То, что касается развития разнообразных состояний, которые мы определяем как патологические. Почему я это сказал. Потому что мы определяем их как патологические исходя из каких-то социальных условий, исходя из того, что они вредят или мешают окружающим. Например, если у человека есть бред обвинения, то это патологический случай, если это переходит в разные варианты сутяжничества и так далее. Это очень неприятно, но теперь как-то поддерживается. А если этот обвинительный бред существует в рамках штатной деятельности, то этот человек тогда может быть прокурором или работником прокуратуры, и его патологическая часть находит применение. Он совершенно сумасшедший, но это его деятельность, его работа, ему за это платят. И считается очень важной и хорошей работой. Достаточно много патологических состояний, будучи помещенными на определенные места, оказываются очень и очень кстати. Поэтому то, что касается вопроса о норме и патологии, тут его не так просто определить. Он определяется скорее социально. Некоторое время назад один мой коллега обратил внимание на следующую особенность: до того как были развиты аборты, численность детей в семье регулировалась посредством убийства. И в этом смысле до 19-го века детоубийство в крестьянских семьях было нормальным. Оно было даже отражено в сказках. Например, сказка о мальчике-с-пальчик. Нечего кушать было, ну и отправили детей, чтобы они подохли, в лес. А может и не подохнут, может и обойдется как-то. И эта идея так ужаснула массу окружающих: "Как же так?! Нет! Наши предки были такие гуманные! Никогда такого себе не позволяли! Никогда такого не делали!" Да нет, делали.
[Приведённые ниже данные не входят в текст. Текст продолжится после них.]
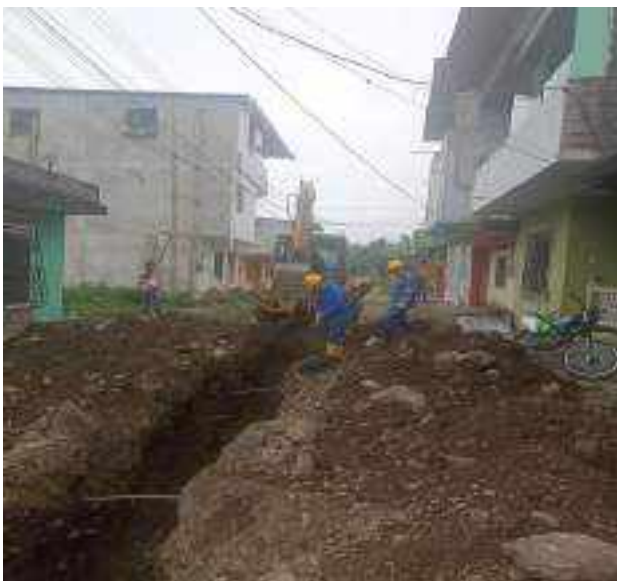
19 OCTUBRE – 2022. EXCAVACION POR CAMBIO DE RED DE ALCANTARILLADO SANITARIO, CALLE; PASAJE D HASTA MIGUEL ANDRADE.
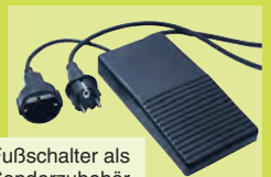
Fußschalter als Sonderzubehör 307 216
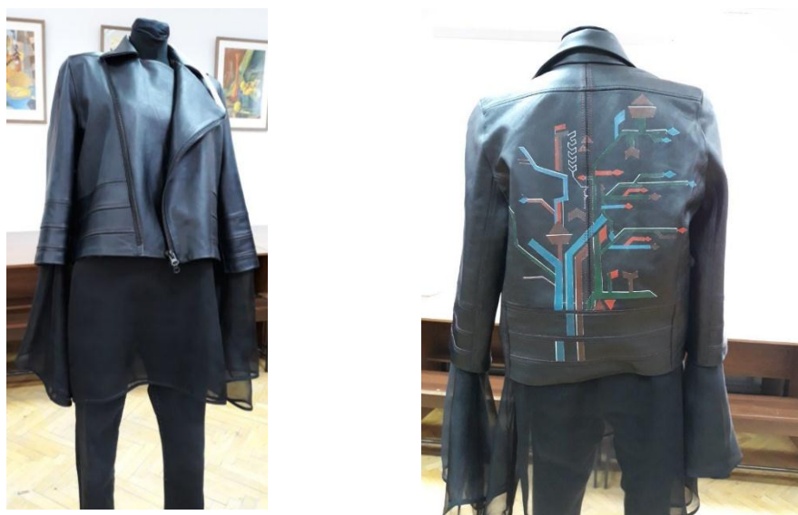
Figura 2. Aspectul exterior (față și spate) al ansamblului realizat

Soluționarea stilistică a produsului se atribuie liniei rock datorită: siluetei drepte, prezența detaliilor decorative, folosirea pielii negre. Metodele de prelucrare tehnologică au fost selectate în conformitate cu particularitățile materialului și destinația produsului. Datorită produsului, mai puțin bogat ornamentat, ținuta posedă o alură casual cât și una rock care relevă o viziune inedită asupra portului tradițional basarabean.(fig. 2, 3).
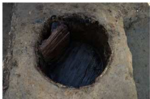
2 第20号建物跡 桶1 (1)
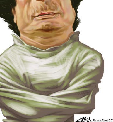
أحمد قذاف الدم

ففيما أعلنت واشنطن أن انشقاق وزير الخارجية موسى كوسا، يظهر أن نظام القذافي يتداعى، كانت إشارات عديدة منذ بداية الثورة تبين بوضوح الأضرار السلبية التي سبعا منها
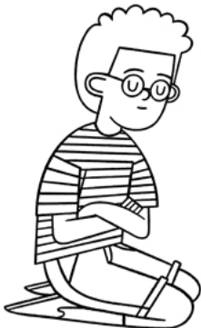
'Oku ou kole ki he Tamai Hēvaní ke Ne fakamolemole'i au.
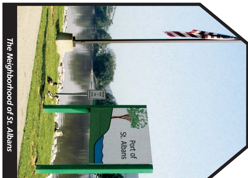
The Neighborhood of St. Albans

Downtown Charleston • Patrick Street Plaza Riverwalk Plaza • Thomas Hospital St. Albans Mall • St. Albans Plaza
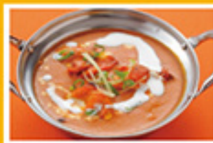
⑤⑦ バターチキン 979円
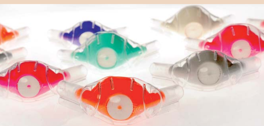
sedaview® – Doppelmaske in verschiedenen Grössen und Düften.
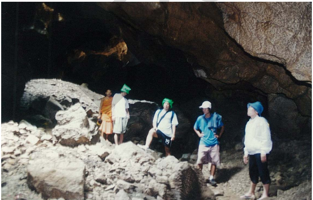
บรรยากาศบริเวณทางเข้าถ้ำและภายในถ้ำค้างคาววัดเขาช่องพราน
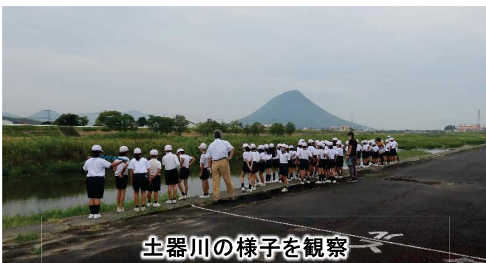
土器川の様子を観察
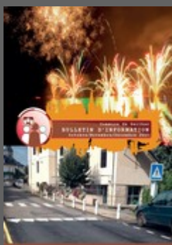
Bulletin Oct Nov Déc 2017
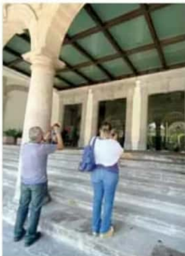
Curiosidad. Ciudadanos aprovecharon para observar desde afuera.

Cabe recordar que fue en 2009, durante la administración del exgobernador Leonel Godoy Rangel, cuando se inició la construcción del Teatro Matamoros y, a través de un fideicomiso a cargo de Cuauhtémoc Cárdenas Batel, se contempló una inversión total de 33 millones de pesos. En ese entonces se aseguró que la obra quedaría lista en 2010, pero para 2017-2018 las autoridades informaron que el proyecto de inversión era de 500 millones de pesos, aproximadamente.

Те формы, которые существуют, как обычные формы, иной раз, чуть отойдя в сторону от определенных традиций, определенной практики, просто удивляешься, а зачем бы это надо было? Почему, собственно, надо так бороться с тем, кто рисует свастики, звездочки. Символика. А чего эта символика? И каждый раз приходится разбираться, с чем эта символика связана и что она означает для человека. И если посмотреть, отойдя в сторону на поведение тех, кто это делает – рисует, и тех, кто с ними борется, то и то и другое очень похоже на нездоровое поведение. То есть когда люди за какие-то символы могут друг друга голову откусить. Можно более безобидный вариант какой-нибудь взять. Например "Спартак" и "Зенит" – болельщики встретились. Еще какие-нибудь знаки, признаки. Обнаружена какая-то форма и потом уже дальше эта форма диктует развитие определенного сюжета. Дальше строится определенная тема. В Москве было такое загадочное явление: в новостях была информация о том, что сделали христианский патруль, чтобы искать геев. То есть где-то там должны встретиться геи и христианский патруль. И первое, что мне пришло в голову: "А что будет, если они их найдут? Что это за форма такая развивается?" А через неделю было сообщение, что наконец христианский патруль кто-то исколотил и они в больнице заявляют, что вот зачем они искали геев! Понятно тогда.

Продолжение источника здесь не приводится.